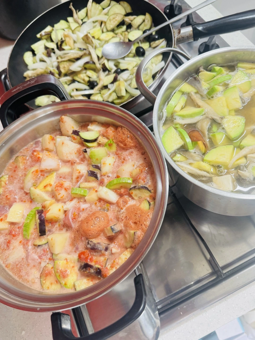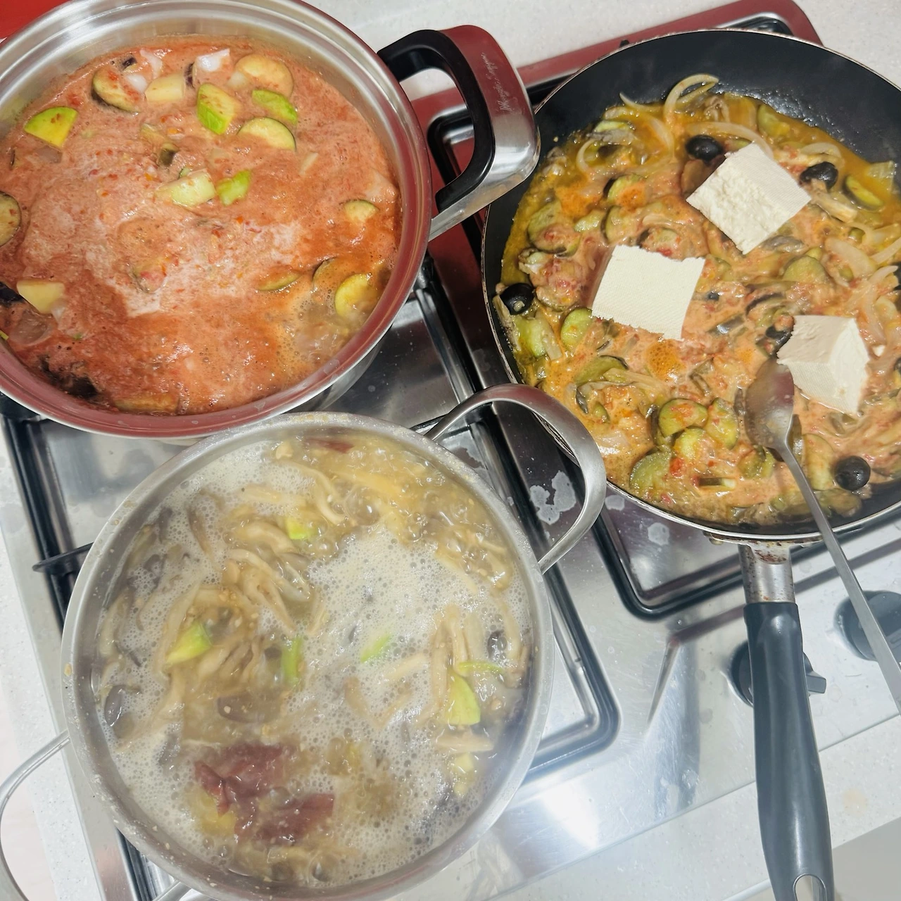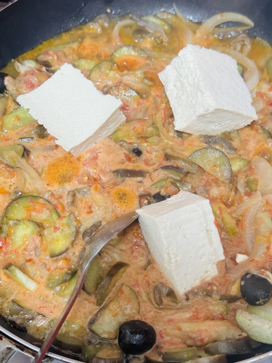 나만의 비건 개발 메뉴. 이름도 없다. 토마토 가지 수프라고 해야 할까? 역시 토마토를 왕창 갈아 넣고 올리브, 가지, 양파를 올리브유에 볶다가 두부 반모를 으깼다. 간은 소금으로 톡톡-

---

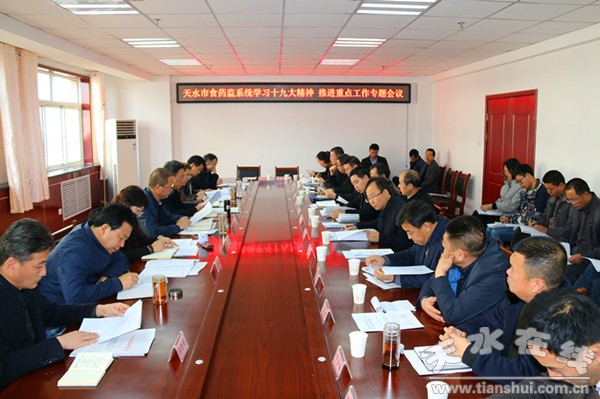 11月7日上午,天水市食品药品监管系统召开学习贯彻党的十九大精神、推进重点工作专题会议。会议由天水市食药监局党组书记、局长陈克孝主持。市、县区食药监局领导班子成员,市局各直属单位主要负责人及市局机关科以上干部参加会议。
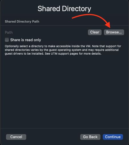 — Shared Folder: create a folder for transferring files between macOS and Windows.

__WHAT IS BEING ASKED__
Using the listing above, repeat word for word each line from the one with "11月7日上午,天水市食品药" down to the one with "macOS and Windows.", both included. Omit all pictures.

__TASK SOLUTION__
 11月7日上午,天水市食品药品监管系统召开学习贯彻党的十九大精神、推进重点工作专题会议。会议由天水市食药监局党组书记、局长陈克孝主持。市、县区食药监局领导班子成员,市局各直属单位主要负责人及市局机关科以上干部参加会议。
 — Shared Folder: create a folder for transferring files between macOS and Windows.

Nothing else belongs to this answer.